His dull gaze meandered around the room. “Why do I think none of this was his idea?” I whispered to Lizzie.
“Because first he’d have to have ideas?” she responded venomously; investigating murder cases whose victims were only fake-dead was not her favorite activity.
Waldron was talking again. “If you all could’ve minded your own business, none of this would’ve—”
“Sally’s my friend,” Ellie cut in hotly. “People who aren’t monsters help friends, okay? So don’t try blaming this on—”
The calming motions Waldron made with his hands caused me to want mine wrapped tightly around his throat. Coates came back from the fridge with a beer and one of those frozen meat-pastry gadgets that you heat up in the microwave.
He took a large, unselfconscious bite of the unwarmed food item, chewed energetically, and washed it down with beer.
“Just tell me how it worked, will you?” Lizzie said quietly as Waldron prepared to go on with whatever goofy little lecture he thought he was delivering.

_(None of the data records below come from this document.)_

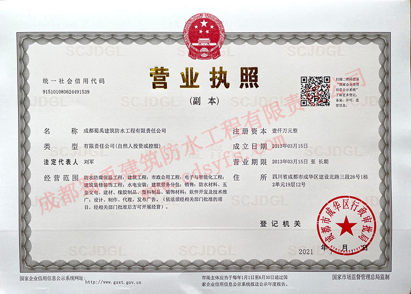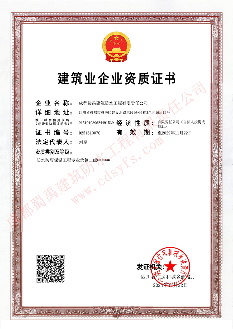 企業名稱:成都蜀禹建筑防水工程有限責任公司
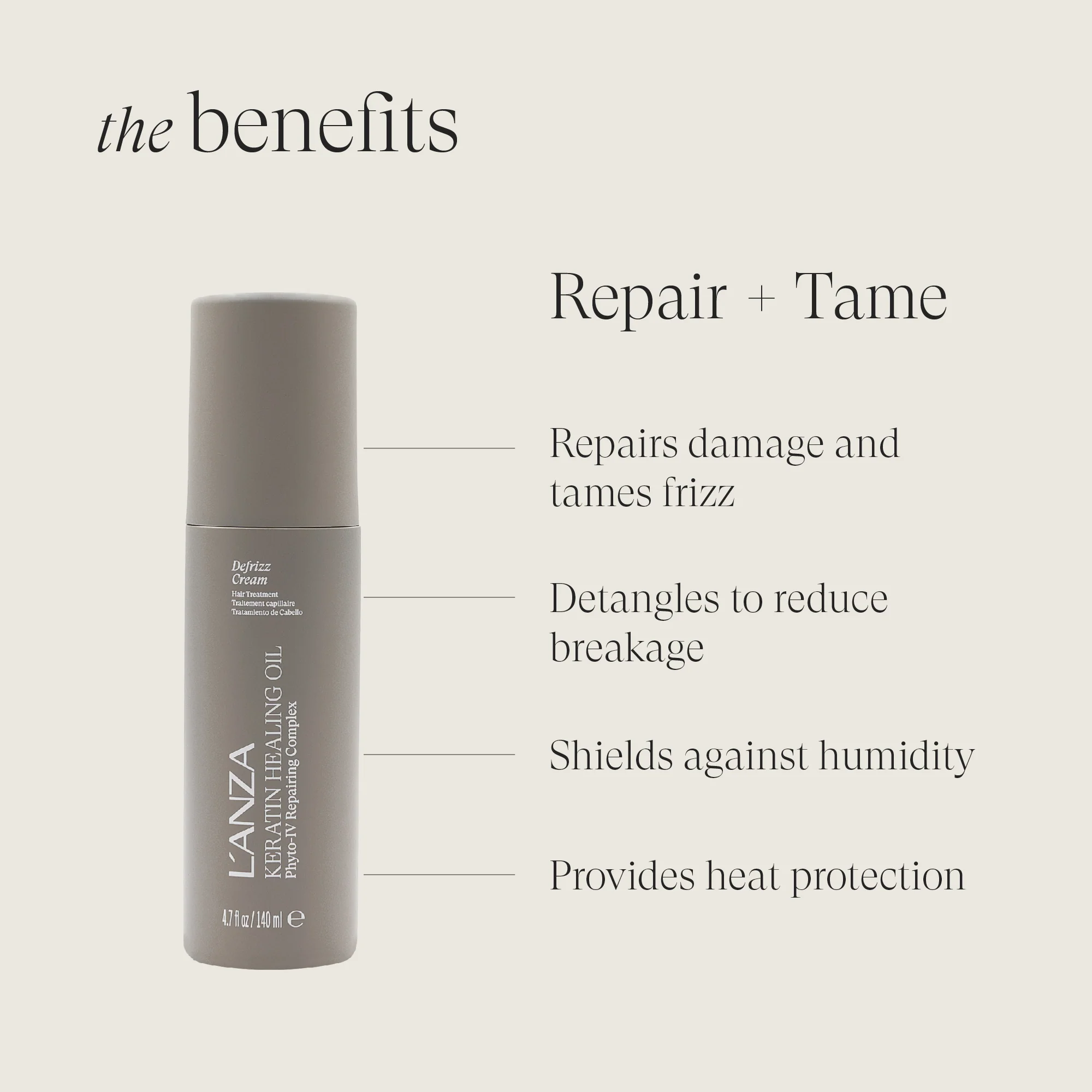 Deze gebruiksvriendelijke, ontwarrende crème maakt gebruik van cuticelbinding om de wrijving tijdens het kammen te verminderen, waardoor beschadiging en pluis worden voorkomen. Defrizz Cream is ideaal voor golvend en krullend haar, blokkeert vocht en maakt het haar gladder en glanzender. Vermindert poreusheid en beschermt zo tegen luchtvochtigheid. Ontwart en ontklit onhandelbaar haar.
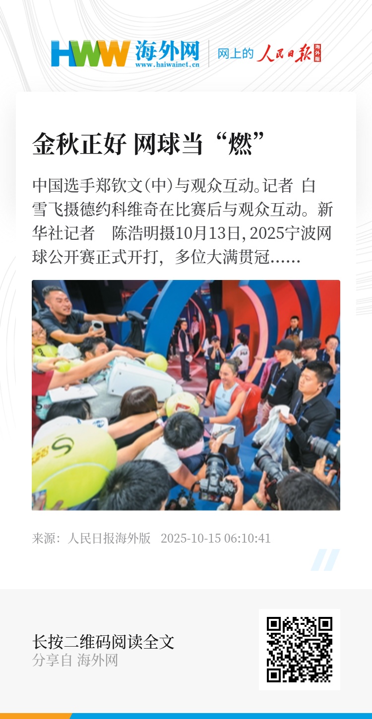 从北京、上海、广州,到武汉、成都、杭州、宁波……今年9月到11月,网球“中国赛季”如约而至。赛事密集、星光闪耀,赛场内外的网球热度持续攀升。无论是职业选手的激烈对决,还是观众席上的欢呼与掌声,这个秋天,一场场精彩的网球赛事,为中国网球热再添一把火,也让这项运动以更加开放、多元的姿态,融入城市与生活。
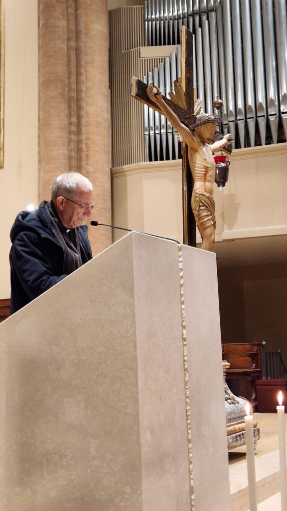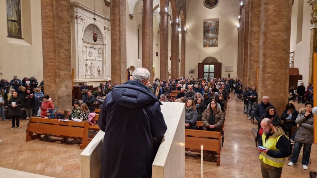 Le meditazioni, rivolte in gran parte sai grandi temi dell’attualità, dalle guerre alle ingiustizie, dalle disuguaglianze ai soprusi, con il cuore sempre aperto alla speranza che non muore mai, sono state proposte dal vescovo di Cesena-Sarsina, l’arcivescovo Antonio Giuseppe Caiazzo. Il libretto, i canti e tutta l’organizzazione sono stati curati dal movimento di Comunione e liberazione. Con il vescovo hanno preso parte alla Via Crucis anche il vicario generale e parroco di San Domenico, monsignor Pier Giulio Diaco, e don Tonino Domeniconi, canonico della Cattedrale.
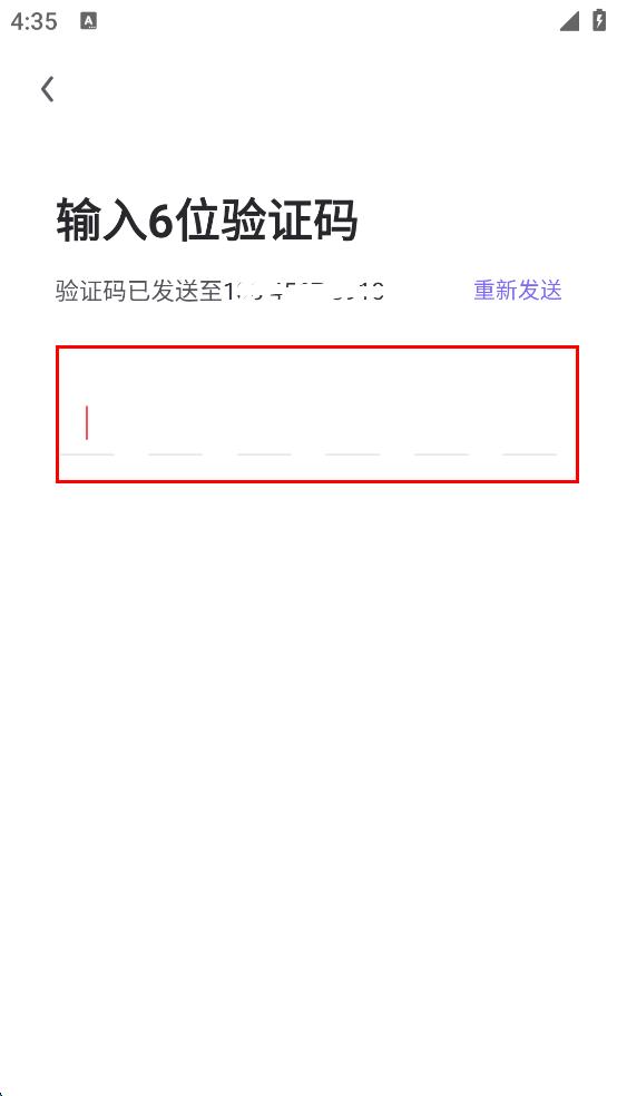 4、收到驗證碼后,在“輸入6位驗證碼”頁面,輸入驗證碼,完成手機號登錄流程。
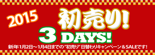 本日、1月2日より初売りとなります。本日から2015年初売り3DAYSを開催致します!何がセールになるかはその日になってからのお楽しみです。
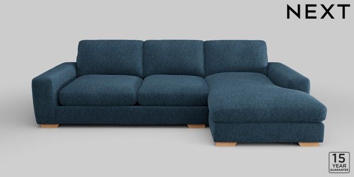 6.12.1 Buy Houghton Deep Relaxed Sit Large Sofa Chaise - Right Hand Cotswold Chenille Dark Blue Large Square Angle - Light from the Next UK online shop Click here to use our accessible website
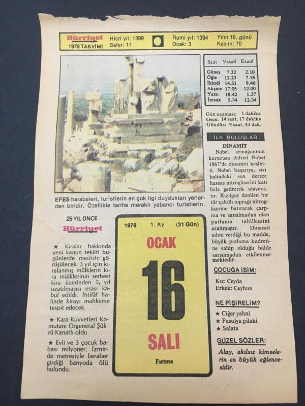 16 OCAK 1979 -TAKVİM YAPRAĞI-DOĞUM GÜNÜ HEDİYESİ-HÜRRİYET TAKVİMİ,ÇOCUĞA İSİM,SPOR DÜNYASI VEDİİ TOSUNCUK,TRAK YOLCU VAPURUNUN MARMARADA BATIŞI 24 KİŞİ NİN ÖLÜŞÜ 1944,İSTANBUL YÜKSEK TİCARET OKULUNUN AÇILIŞI,1883,3.MURATIN ÖLÜMÜ 1595, en son 8 ay önce güncellenmiştir.
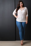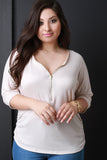 This plus size top features rib knit, zip-up neck, dolman sleeves, and ruched sides. Accessories sold separately. 88% Rayon, 12% Polyester.
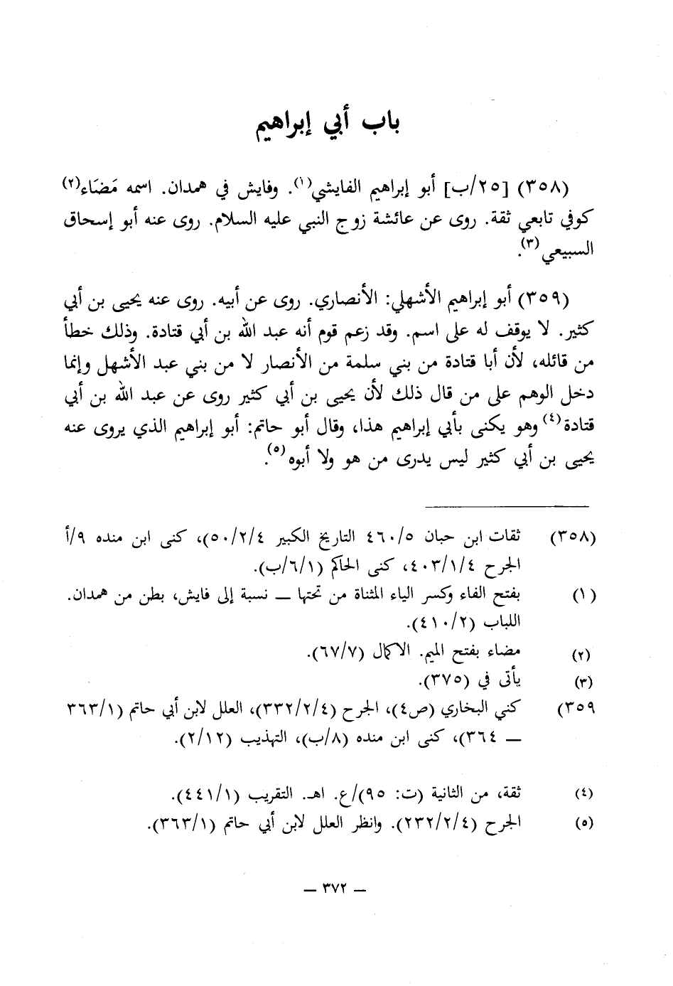 358 - أبو إبراهيم الفايشى (¬1). وفايش في همدان. اسمه مَضَاء (¬2) كوفى تابعى ثقة. روى عن عائشة زوج النبى عليه السلام. روى عنه أبو إسحاق السبيعى (¬3).

“Why?” he asked. “I mean, it’s not like you’ll ever be able to do anything about—”
He stopped, seeming to realize what he’d very nearly said: that we weren’t going to live long enough.
Ellie turned pointedly away and addressed Coates. “So you just left them? Sally and your kids, you took the coin and ran off and let them think you’re dead?”
Coates’s eyes closed tiredly as if he’d already read himself this particular riot act many times.
Poor baby, I thought meanly. But then another thought hit me. “So let me guess,” I said to the very-not-dead fisherman. “You told Waldron about the coin while you two were out shark hunting together? You running the Consuelo, him doing. . . whatever the hell it is he was doing?”